How to remove accents and other graphical signs from a string in Java?

How to remove accents and other graphical signals from a string in Java? Ex.:

String s = "maçã";
String semAcento = ???; // resultado: "maca"
Author: UzumakiArtanis, 2013-12-11

2 answers

I usually use regex along with the Class Normalizer.

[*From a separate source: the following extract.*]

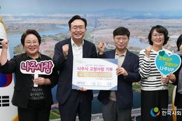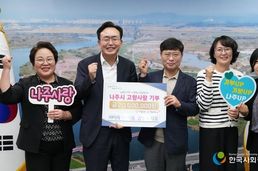 한국사회적경제신문 김태훈 기자 | 전라남도 나주시는 21일 ㈜이레가축약품 김영국 대표(사진 가운데)가 3년 연속 최고 한도액을 나주시에 고향사랑기부금으로 기탁했다고 밝혔다. ㈜이레가축약품은 나주시 세지면에서 동물의약품, 동물용 의료기기 등의 도소매 및 수출입을 통해 축산 의료 환경 개선에 힘쓰는 유수 기업이다. 김영국 대표는 고향사랑기부제가 시작된 2023년과 2024년 나주시에 당시 한도액인 500만 원을 각각 기부한 바 있으며, 한도액이 2천만 원으로 늘어난 올해에도 최고 한도액인 2천만 원을 나주시 고향사랑기부제에 기탁하는 등 3년 동안 총 3천만 원의 고향사랑기부금을 쾌척했다. 김영국 대표의 고향사랑기부제 동참에 대한 열정은 비단 나주에만 국한된 것이 아니다. 지난 7월 영암군 고향사랑기부제에 나눔을 실천했고 배우자인 황은선 이사(오른쪽 두 번째)는 지난 2월 해남군에 최고 한도액을 기부했다. 이처럼 부부가 함께 고향사랑기부제에 깊은 관심을 가지고 지역 발전과 나눔 문화 확산을 위해 적극적으로 참여해 찬사받고 있다. 이날 기탁식에는 김영국 대표와 배우자인 황은선 이사가 참석하여

Like this:

public static String removerAcentos(String str) {
    return Normalizer.normalize(str, Normalizer.Form.NFD).replaceAll("[^\\p{ASCII}]", "");
}
 74
Author: Rodrigo Sasaki, 2014-01-18 10:57:12

If it is Java7+ you can use this solution found in Soen https://stackoverflow.com/a/1215117/1518921

First import this:

import java.text.Normalizer;
import java.util.regex.Pattern;

Then add this to your parent class or the other class you use:

public static String deAccent(String str) {
    String nfdNormalizedString = Normalizer.normalize(str, Normalizer.Form.NFD); 
    Pattern pattern = Pattern.compile("\\p{InCombiningDiacriticalMarks}+");
    return pattern.matcher(nfdNormalizedString).replaceAll("");
}

And at the time of use it would look something like:

System.out.print(deAccent("Olá, mundo!"));

It makes use of the regular expression (regex) to exchange them: \p{InCombiningDiacriticalMarks}+

See working on IDEONE: https://ideone.com/MtgLAC

 7
Author: Guilherme Nascimento, 2017-12-06 18:27:05